Available data:

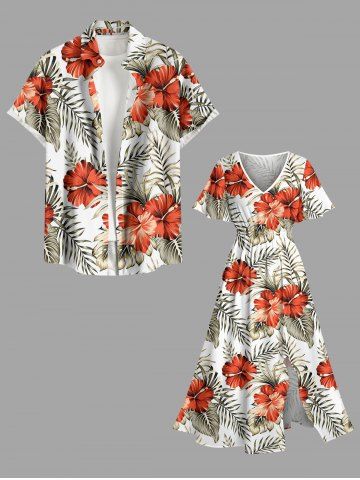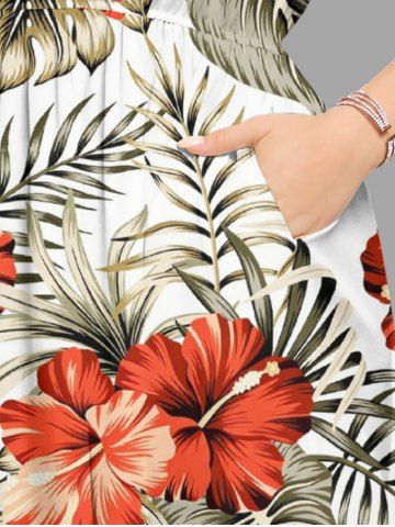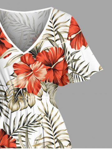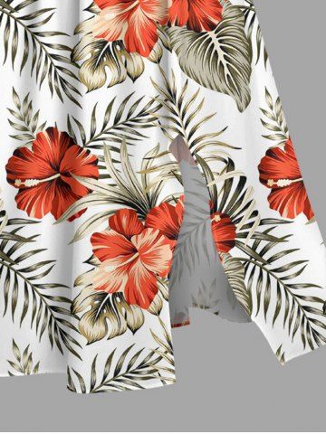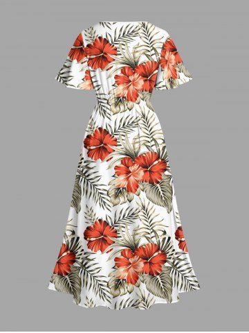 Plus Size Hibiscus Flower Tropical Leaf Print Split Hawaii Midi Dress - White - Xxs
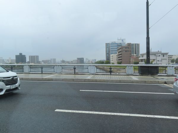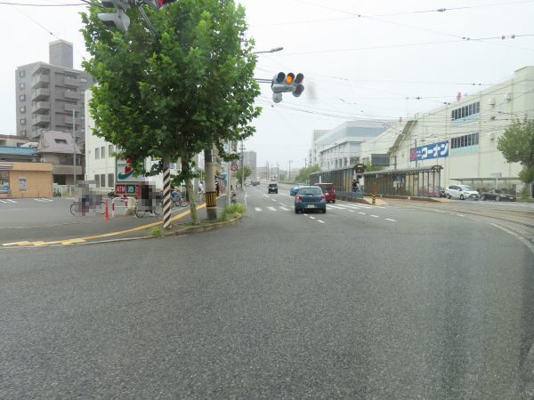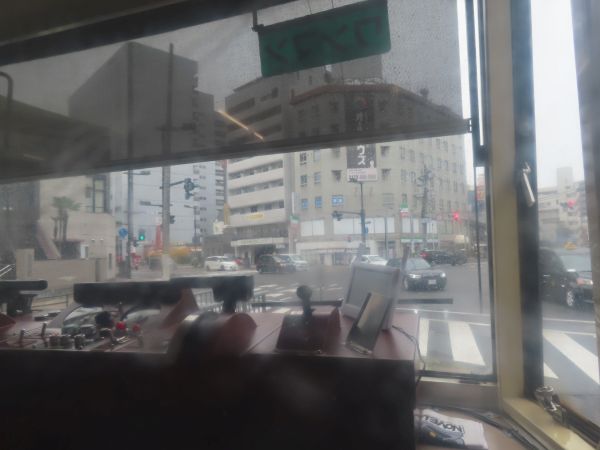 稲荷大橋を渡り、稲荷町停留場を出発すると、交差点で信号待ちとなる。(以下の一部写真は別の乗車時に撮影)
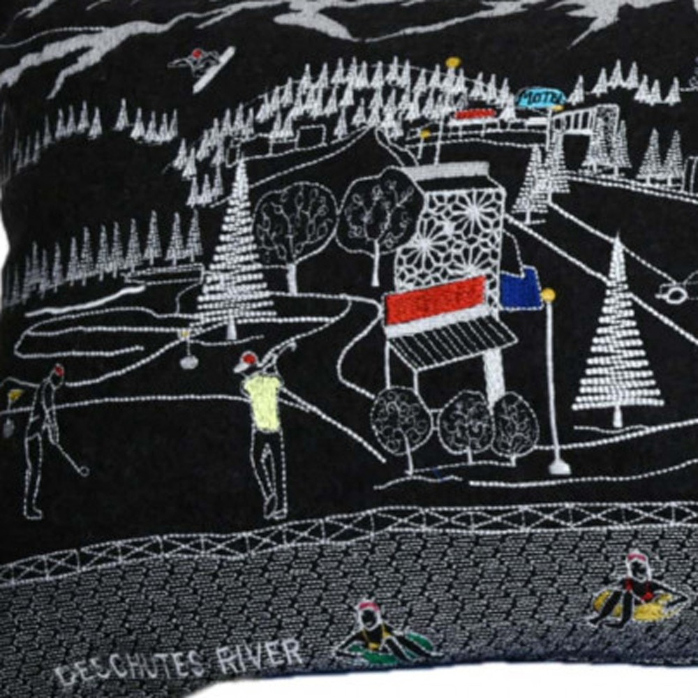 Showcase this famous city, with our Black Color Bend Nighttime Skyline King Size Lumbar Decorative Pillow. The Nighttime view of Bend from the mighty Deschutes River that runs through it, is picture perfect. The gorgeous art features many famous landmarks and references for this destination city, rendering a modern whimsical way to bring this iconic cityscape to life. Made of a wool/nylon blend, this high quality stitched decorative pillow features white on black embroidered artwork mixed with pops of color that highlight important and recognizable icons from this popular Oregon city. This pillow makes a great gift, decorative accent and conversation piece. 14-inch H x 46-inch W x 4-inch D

...

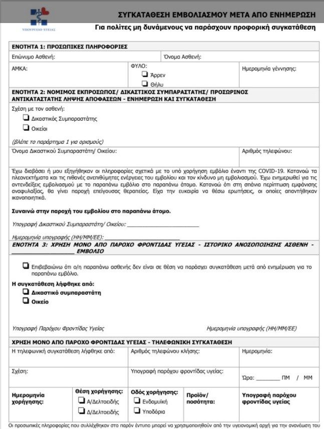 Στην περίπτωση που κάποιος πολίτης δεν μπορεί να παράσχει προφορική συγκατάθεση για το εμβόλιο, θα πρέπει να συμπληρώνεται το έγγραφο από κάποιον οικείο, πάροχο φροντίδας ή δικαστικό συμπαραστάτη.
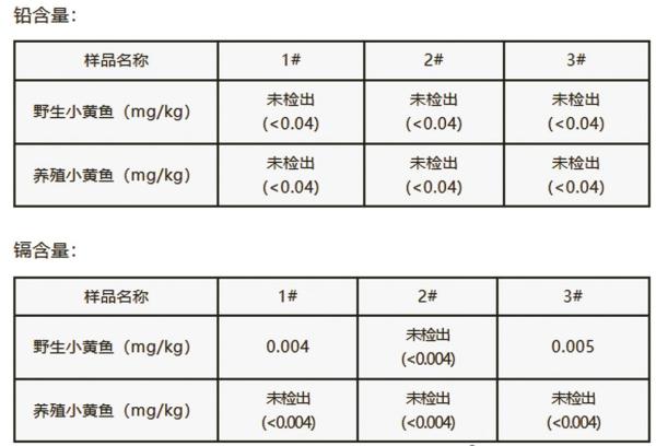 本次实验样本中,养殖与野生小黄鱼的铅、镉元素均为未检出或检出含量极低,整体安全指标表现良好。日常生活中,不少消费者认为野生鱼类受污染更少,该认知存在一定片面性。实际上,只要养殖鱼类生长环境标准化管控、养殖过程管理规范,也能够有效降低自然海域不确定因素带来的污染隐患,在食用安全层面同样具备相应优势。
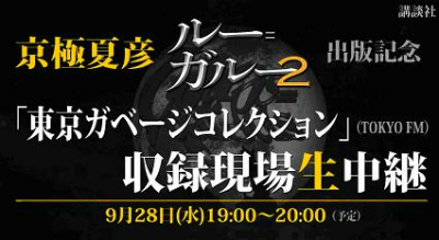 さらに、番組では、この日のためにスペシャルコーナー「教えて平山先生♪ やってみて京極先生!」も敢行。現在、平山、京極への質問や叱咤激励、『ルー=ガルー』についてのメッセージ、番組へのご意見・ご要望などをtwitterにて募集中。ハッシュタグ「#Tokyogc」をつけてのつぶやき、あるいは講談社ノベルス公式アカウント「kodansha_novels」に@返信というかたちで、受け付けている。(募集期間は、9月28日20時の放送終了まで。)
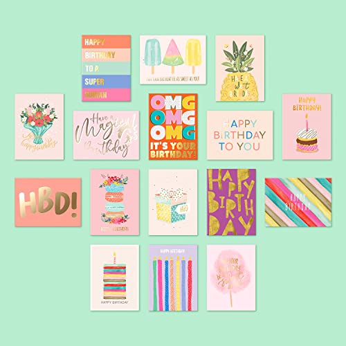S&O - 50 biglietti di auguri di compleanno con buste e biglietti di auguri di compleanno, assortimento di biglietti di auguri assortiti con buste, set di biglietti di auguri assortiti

What you have to do:
Would you output only the span of the records above that opens with the line containing "Στην περίπτωση που" and closes with the line containing "S&O - 50 biglietti", ends included and pictures dropped?

Response to this exercise:
 Στην περίπτωση που κάποιος πολίτης δεν μπορεί να παράσχει προφορική συγκατάθεση για το εμβόλιο, θα πρέπει να συμπληρώνεται το έγγραφο από κάποιον οικείο, πάροχο φροντίδας ή δικαστικό συμπαραστάτη.
 本次实验样本中,养殖与野生小黄鱼的铅、镉元素均为未检出或检出含量极低,整体安全指标表现良好。日常生活中,不少消费者认为野生鱼类受污染更少,该认知存在一定片面性。实际上,只要养殖鱼类生长环境标准化管控、养殖过程管理规范,也能够有效降低自然海域不确定因素带来的污染隐患,在食用安全层面同样具备相应优势。
 さらに、番組では、この日のためにスペシャルコーナー「教えて平山先生♪ やってみて京極先生!」も敢行。現在、平山、京極への質問や叱咤激励、『ルー=ガルー』についてのメッセージ、番組へのご意見・ご要望などをtwitterにて募集中。ハッシュタグ「#Tokyogc」をつけてのつぶやき、あるいは講談社ノベルス公式アカウント「kodansha_novels」に@返信というかたちで、受け付けている。(募集期間は、9月28日20時の放送終了まで。)
S&O - 50 biglietti di auguri di compleanno con buste e biglietti di auguri di compleanno, assortimento di biglietti di auguri assortiti con buste, set di biglietti di auguri assortiti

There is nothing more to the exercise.